Purchasing second best product available is already a competitive disadvantage.
Take Over Control of Analytical Databases
IT departments face many tough but justified questions, dilemmas and concerns. Some of the most important and common ones sound like this: “Should we retire our 1st generation data warehouse database and replace it with new one?”
The answer depends on several factors. If you still use BI for static, corporate reporting and users do not perform extensive ad-hoc or advanced analytics than existing classic database is most likely still good enough.
Otherwise, particularly if you deal with large amounts of data and have already run into performance issues you should think about different solutions. Some businesses cannot afford to fall behind, today telecommunication providers, banks, insurance companies, internet sales, utilities and retail need specialised analytics databases that will work hand in hand with analytical solutions.
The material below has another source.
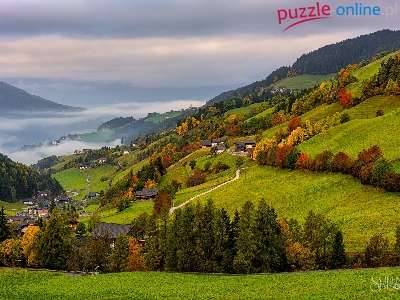 Dolomity, Drzewa, Domy, Mgła, Jesień, Góry, Chmury, Drogi

Can You Make In-House Technologies Work?
Industry standards make it possible to connect all devices quite easily with each other. This applies to all levels of analytics as well, be it data integration, metadata level, or analytical tools themselves. Modern tools are able to read data from virtually any electronic source link them together and present a consolidated result. Great example is MicroStrategy with its Intelligent Enterprise.
Should You Use One or More Platforms for Analytics?
Best of breed companies constantly seek new and competitive solutions, often test cutting-edge technologies and introduce them to the business environment. Most likely these companies use two or more generations of analytical platforms simultaneously. Meanwhile the more conservative companies are usually just replacing (one) older technology with another like Exasol.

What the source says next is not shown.